THE BOWEL: the body's in house tyrant.

 

Image courtesy of jasonlove.com

Have you ever noticed, if you have looked at internal imagery of our innards, how much our intestines and colon resemble the brain?  Just like the brain they appear to be meandering tubes packed tightly together and, like the brain, they appear to have a mind of their own.

I watched a recent documentary on the digestive system by Doctor Michael Mosley.  In it he said that the gut has as many neurons in it as a cat has in its entire brain.  That interesting titbit packed a wallop for me as a piece of information and, I would say, explains a lot about Irritable Bowel Syndrome.  The brain and the gut communicate.  If we are stressed, even subconsciously, the gut conspires to give us a bowel spasm to force the brain to relax.  It's revenge by the gut on the overthinking, over worrying brain.  It doesn't work of course, but just gives us one more thing to worry about.

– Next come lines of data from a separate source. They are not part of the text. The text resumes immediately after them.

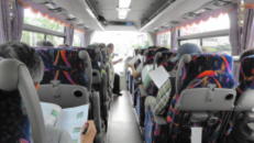 横浜西口の天理ビル前からは1日往復11本の無料送迎バスが運行(水曜日は運休)されていますので、今回はこちらを利用して現地へ向かうことにしました・・・・が、なんと満員で3名ほど残されてしまいました。そのうちの一人が筆者ですが、「タクシーで割り勘で行きましょう」と声をかけて、現地へ無事到着しました。一人当たり200〜300円程度の出費でした。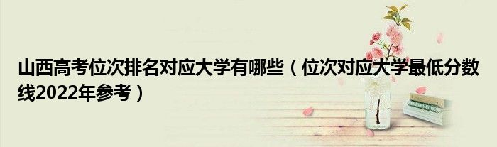 大家好,小高来为大家解答以上问题。山西高考位次排名对应大学有哪些,位次对应大学最低分数线2022年参考很多人还不知道,现在让我们一起来看看吧!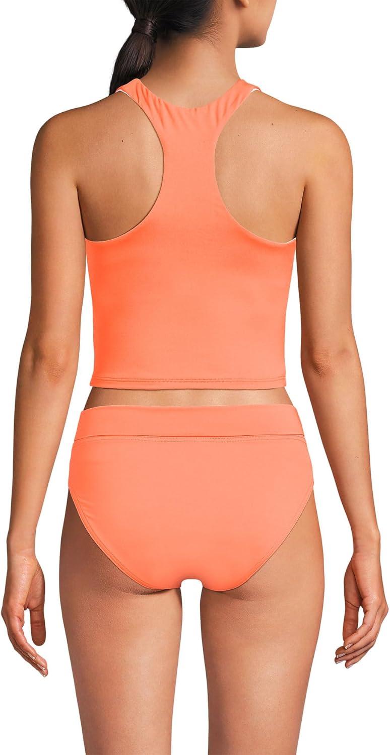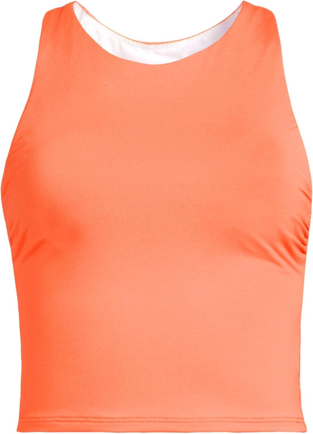 Lands’ End Women’s Chlorine Resistant High Neck Racerback Midkini Swimsuit Top(Papaya Orange)
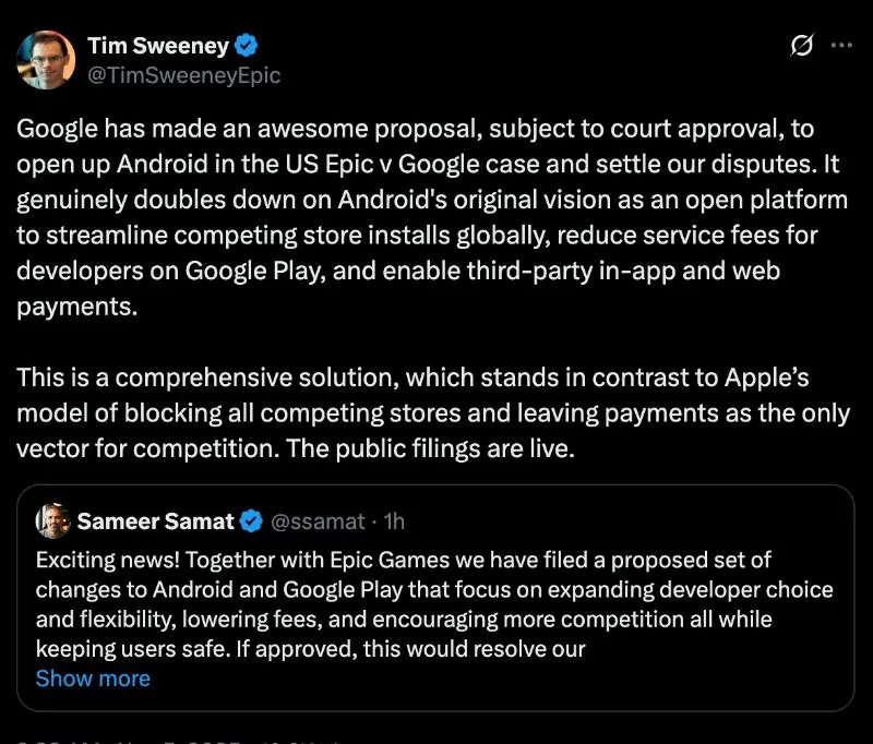 Epic首席执行官Tim Sweeney同日在X上发文,对该提案给予积极评价,称其为“一次全面且有意义的解决方案”,能够推动Android回归开放平台的初衷。据Sweeney透露,提案内容将允许第三方应用商店更便捷地在全球范围内安装,并支持开发者使用自有支付或网页支付渠道,同时对Play商店的服务费结构进行调整。
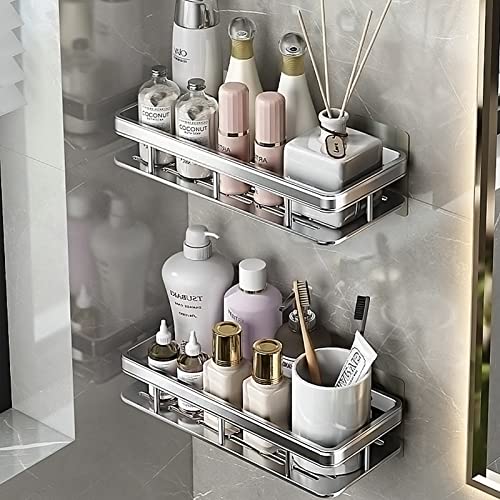 【La confezione contiene】Include 2 mensole per doccia colo argento (30,2 x 13,2 x 5,5 cm), 4 toppe, 1 piccola chiave inglese, 4 ganci rimovibili (i ganci possono essere usati per posizionare spugne da bagno, asciugamani, ecc.)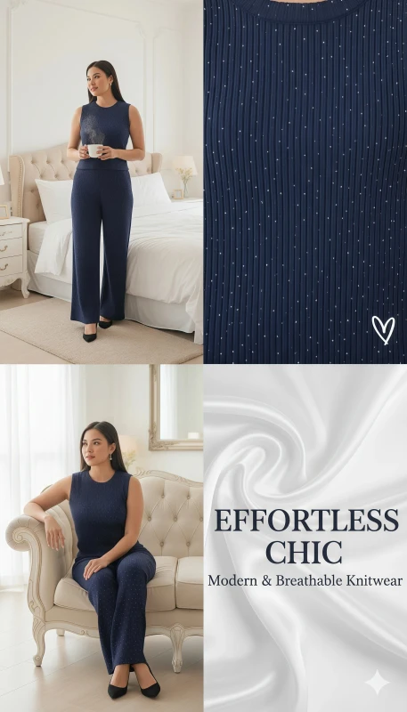 Elevate your casual wardrobe with this chic and comfortable two-piece ribbed lounge set. Designed for both relaxation and style, this set features a sleeveless top and matching wide-leg pants, perfect for creating a cohesive and fashionable look with minimal effort.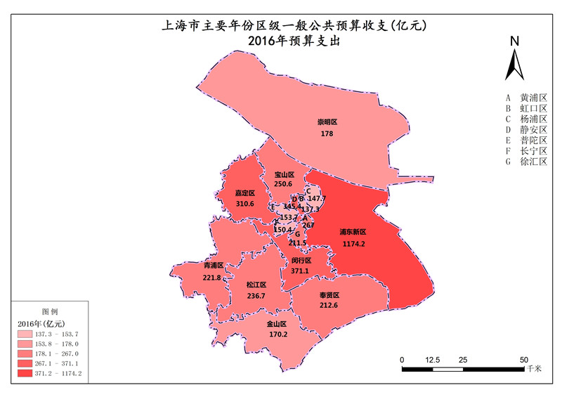 上海市2016年预算支出最高值是浦东新区,数值为1174.2亿元,最低值是虹口区,数值为137.27亿元。各市的预算支出总和是4538.71亿元,各市平均值为283.66亿元。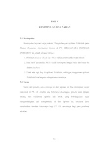 | Uncontrolled Keywords: | aplikasi, poliklinik, medical check up, sistem informasi |

From the time I was born my gut has been my enemy.  Before I was six months old I had a bout of gastroenteritis that put me in hospital.  At another time a doctor prescribed an antibiotic for me that literally stripped my bowel lining.  It wasn't meant to, it just did.  It was called Chloromycetin and was given to me orally.  It is now only used topically for eye infections and can cause aplastic anemia taken internally.  Later in my life a doctor told me that I was lucky not to have developed leukemia because of it.  I sometimes wonder if a lot of my digestive ailments arose from this but I doubt it.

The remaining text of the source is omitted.